Exercise prompt – Every line below from the one with "Figure 8: Unsupervised" through the one with "India’s stock market" should be retyped exactly, both ends included; no other lines and no pictures.

Dataset records –

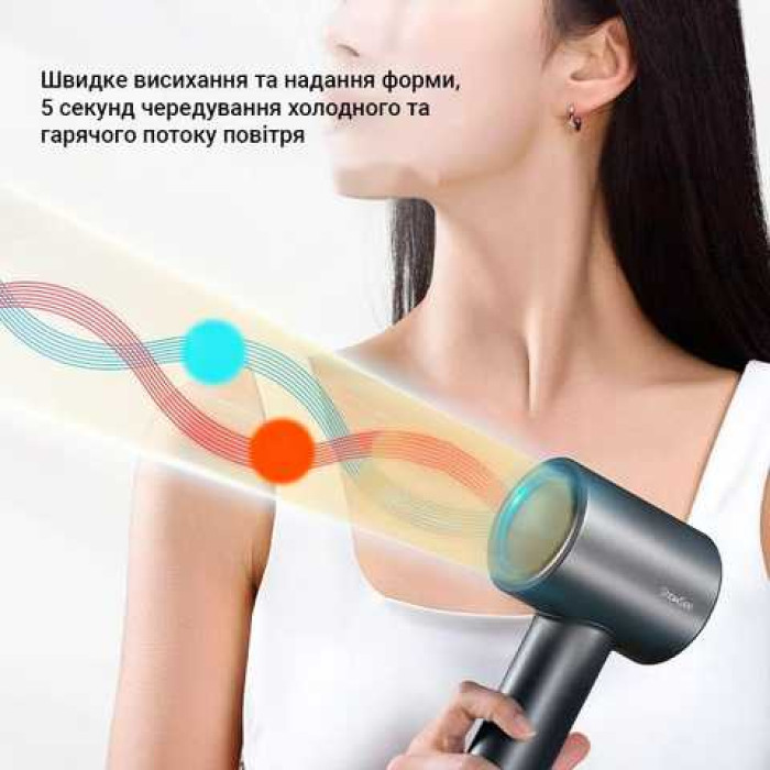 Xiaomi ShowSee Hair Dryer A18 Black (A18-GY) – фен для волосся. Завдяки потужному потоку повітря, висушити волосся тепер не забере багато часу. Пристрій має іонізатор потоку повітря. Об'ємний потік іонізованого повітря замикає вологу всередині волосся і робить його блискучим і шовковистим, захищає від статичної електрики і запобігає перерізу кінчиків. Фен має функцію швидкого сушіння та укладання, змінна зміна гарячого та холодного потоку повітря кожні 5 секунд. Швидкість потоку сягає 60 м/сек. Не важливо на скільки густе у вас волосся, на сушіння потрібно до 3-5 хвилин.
==
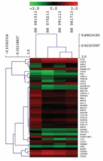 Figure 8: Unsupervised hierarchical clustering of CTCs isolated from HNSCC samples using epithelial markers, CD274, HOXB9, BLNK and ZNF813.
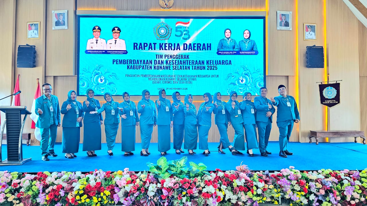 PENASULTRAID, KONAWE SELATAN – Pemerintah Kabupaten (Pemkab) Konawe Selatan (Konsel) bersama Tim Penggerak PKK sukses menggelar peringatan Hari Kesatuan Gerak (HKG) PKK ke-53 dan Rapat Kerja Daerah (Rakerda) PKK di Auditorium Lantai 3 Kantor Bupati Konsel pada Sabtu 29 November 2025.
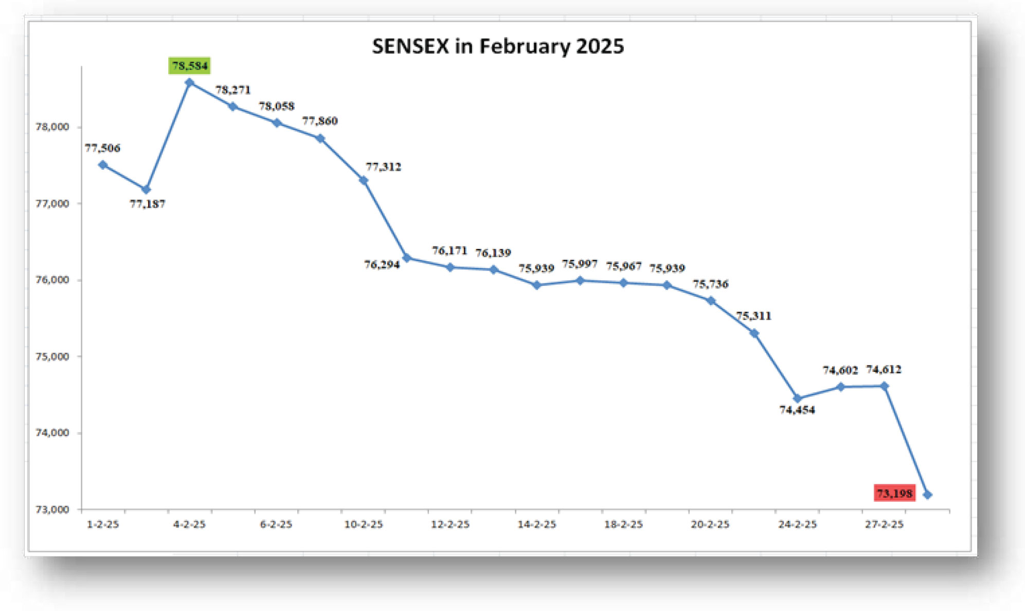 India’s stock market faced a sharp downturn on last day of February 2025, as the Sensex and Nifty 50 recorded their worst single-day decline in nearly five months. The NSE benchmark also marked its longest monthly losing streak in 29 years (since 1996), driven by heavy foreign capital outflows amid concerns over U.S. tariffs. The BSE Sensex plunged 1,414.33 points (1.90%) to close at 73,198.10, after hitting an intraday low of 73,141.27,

Answer space –
 Figure 8: Unsupervised hierarchical clustering of CTCs isolated from HNSCC samples using epithelial markers, CD274, HOXB9, BLNK and ZNF813.
 PENASULTRAID, KONAWE SELATAN – Pemerintah Kabupaten (Pemkab) Konawe Selatan (Konsel) bersama Tim Penggerak PKK sukses menggelar peringatan Hari Kesatuan Gerak (HKG) PKK ke-53 dan Rapat Kerja Daerah (Rakerda) PKK di Auditorium Lantai 3 Kantor Bupati Konsel pada Sabtu 29 November 2025.
 India’s stock market faced a sharp downturn on last day of February 2025, as the Sensex and Nifty 50 recorded their worst single-day decline in nearly five months. The NSE benchmark also marked its longest monthly losing streak in 29 years (since 1996), driven by heavy foreign capital outflows amid concerns over U.S. tariffs. The BSE Sensex plunged 1,414.33 points (1.90%) to close at 73,198.10, after hitting an intraday low of 73,141.27,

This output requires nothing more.